-- TASK MATERIAL follows --
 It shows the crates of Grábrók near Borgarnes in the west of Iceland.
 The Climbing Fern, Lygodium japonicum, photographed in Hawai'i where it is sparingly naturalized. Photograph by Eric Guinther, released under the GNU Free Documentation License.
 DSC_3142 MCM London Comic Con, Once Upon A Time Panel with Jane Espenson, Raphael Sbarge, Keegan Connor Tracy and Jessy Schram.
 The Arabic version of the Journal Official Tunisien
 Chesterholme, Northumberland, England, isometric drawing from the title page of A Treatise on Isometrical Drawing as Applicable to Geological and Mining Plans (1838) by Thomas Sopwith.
-- TASK MATERIAL concluded --
-- TASK MATERIAL follows --
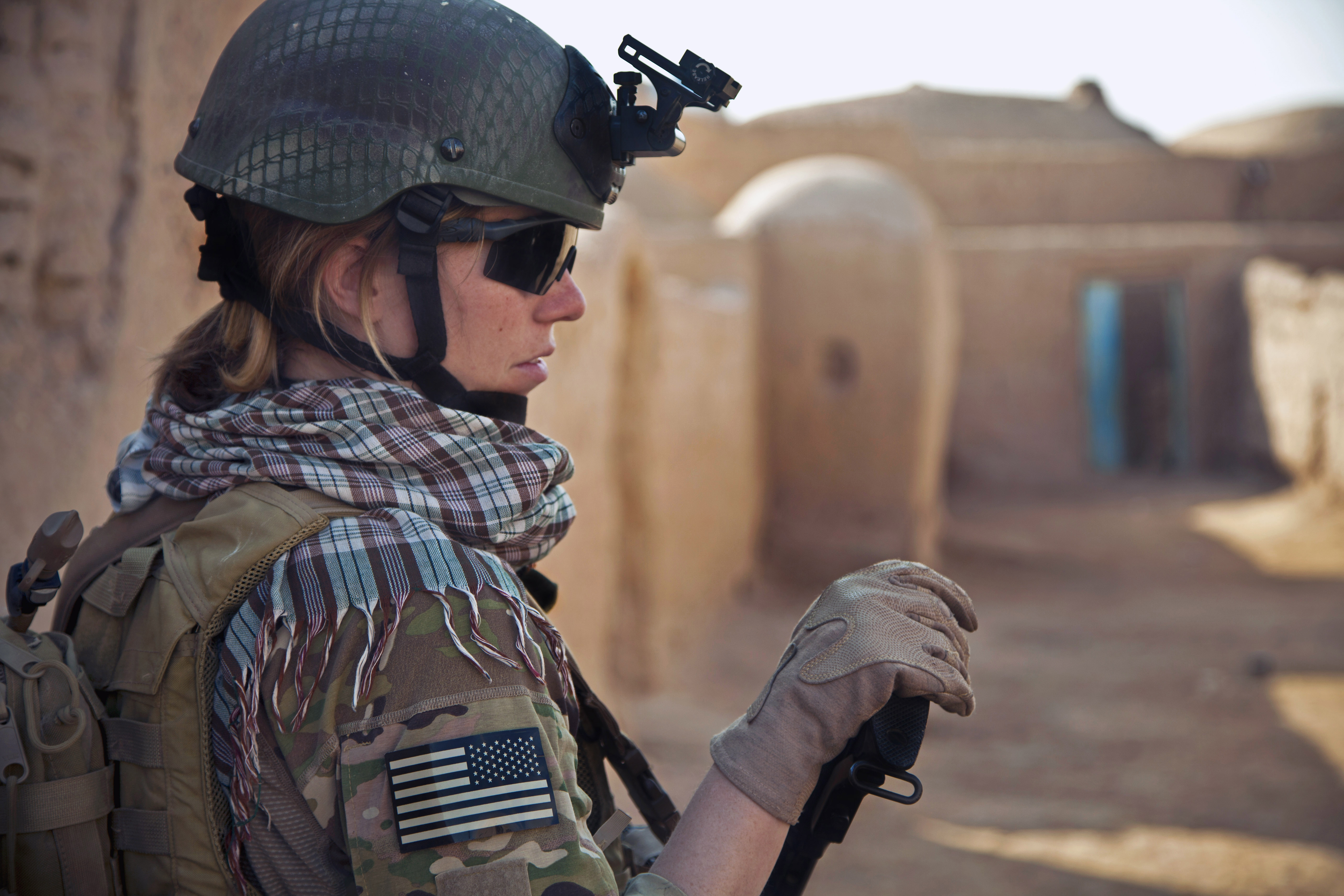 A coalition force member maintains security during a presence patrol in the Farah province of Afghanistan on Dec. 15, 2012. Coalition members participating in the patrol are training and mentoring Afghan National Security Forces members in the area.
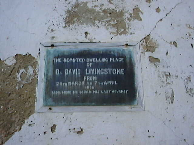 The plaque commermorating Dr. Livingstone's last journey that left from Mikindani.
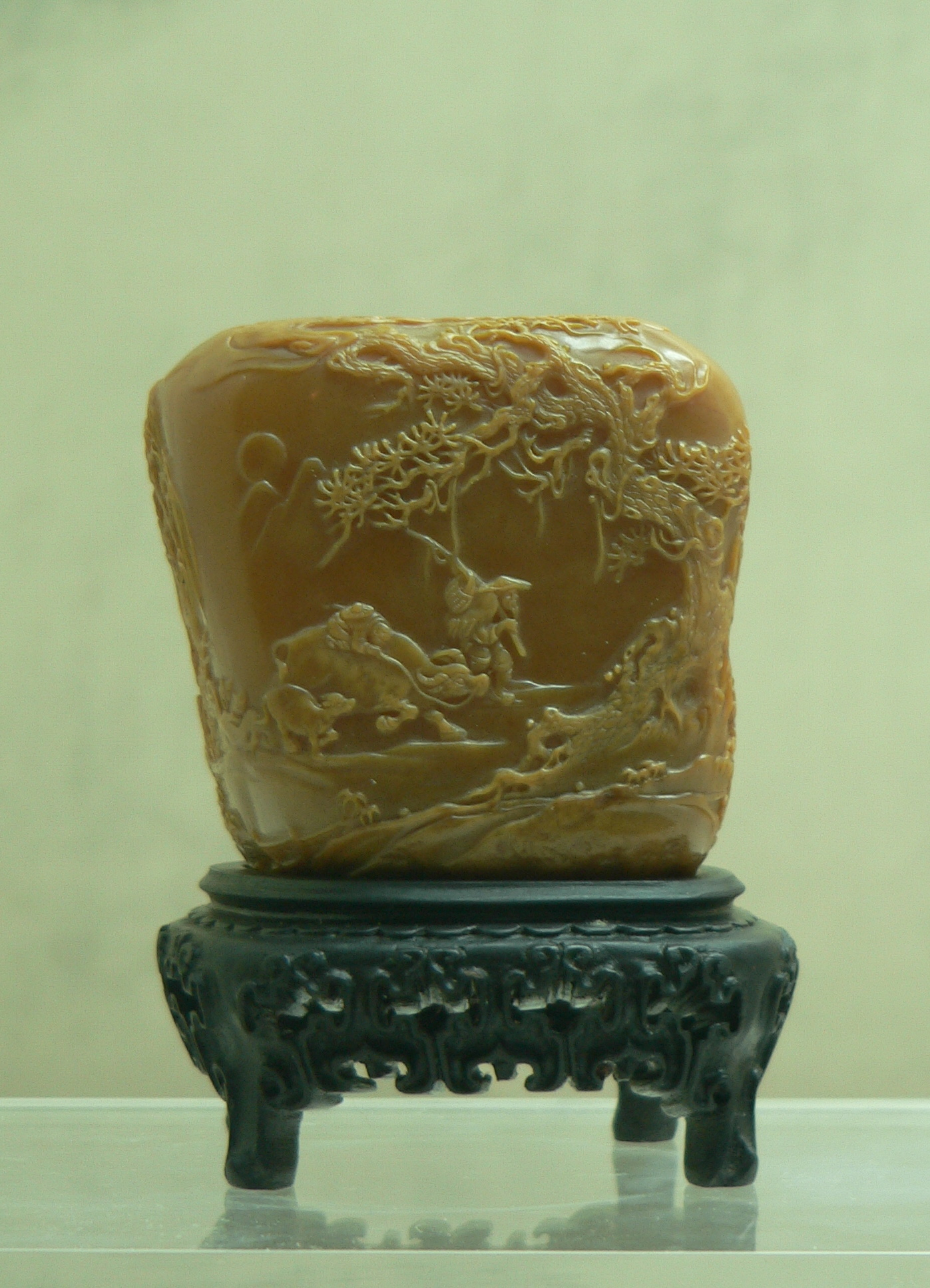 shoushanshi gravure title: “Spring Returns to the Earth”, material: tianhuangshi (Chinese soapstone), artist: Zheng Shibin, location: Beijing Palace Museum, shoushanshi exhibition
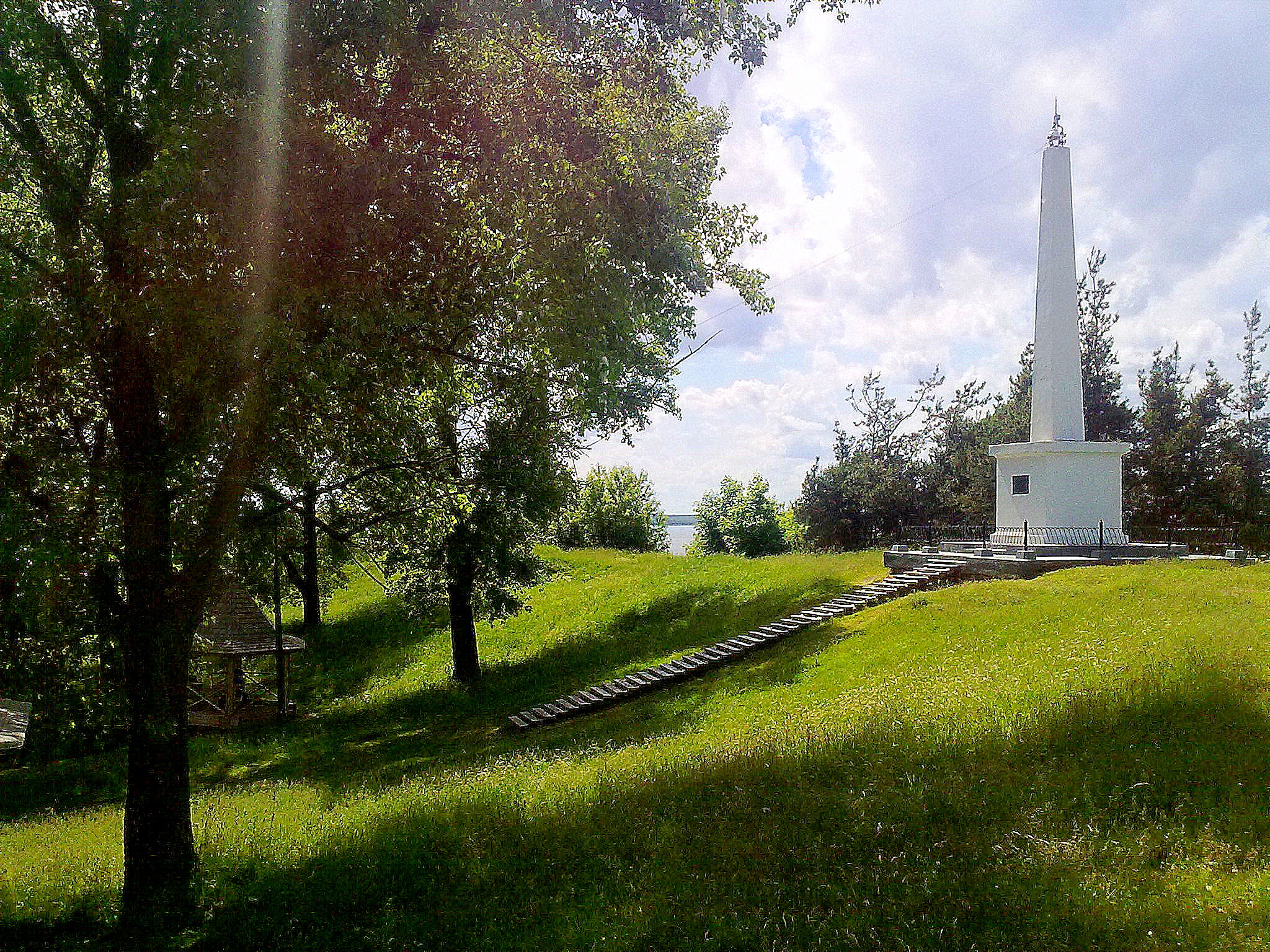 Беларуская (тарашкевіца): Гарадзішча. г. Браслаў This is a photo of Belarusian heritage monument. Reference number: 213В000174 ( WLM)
-- TASK MATERIAL concluded --
-- TASK MATERIAL follows --
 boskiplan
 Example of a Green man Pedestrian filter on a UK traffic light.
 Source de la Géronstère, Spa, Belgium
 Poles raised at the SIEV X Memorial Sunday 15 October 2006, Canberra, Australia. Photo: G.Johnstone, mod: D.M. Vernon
-- TASK MATERIAL concluded --
DESCRIPTION OF THE TASK
Only the lines above starting with the one with "Example of a" and going through the one with "Poles raised at" are to be copied, word for word and with both ends kept.

ANSWER FOR THE TASK
 Example of a Green man Pedestrian filter on a UK traffic light.
 Source de la Géronstère, Spa, Belgium
 Poles raised at the SIEV X Memorial Sunday 15 October 2006, Canberra, Australia. Photo: G.Johnstone, mod: D.M. Vernon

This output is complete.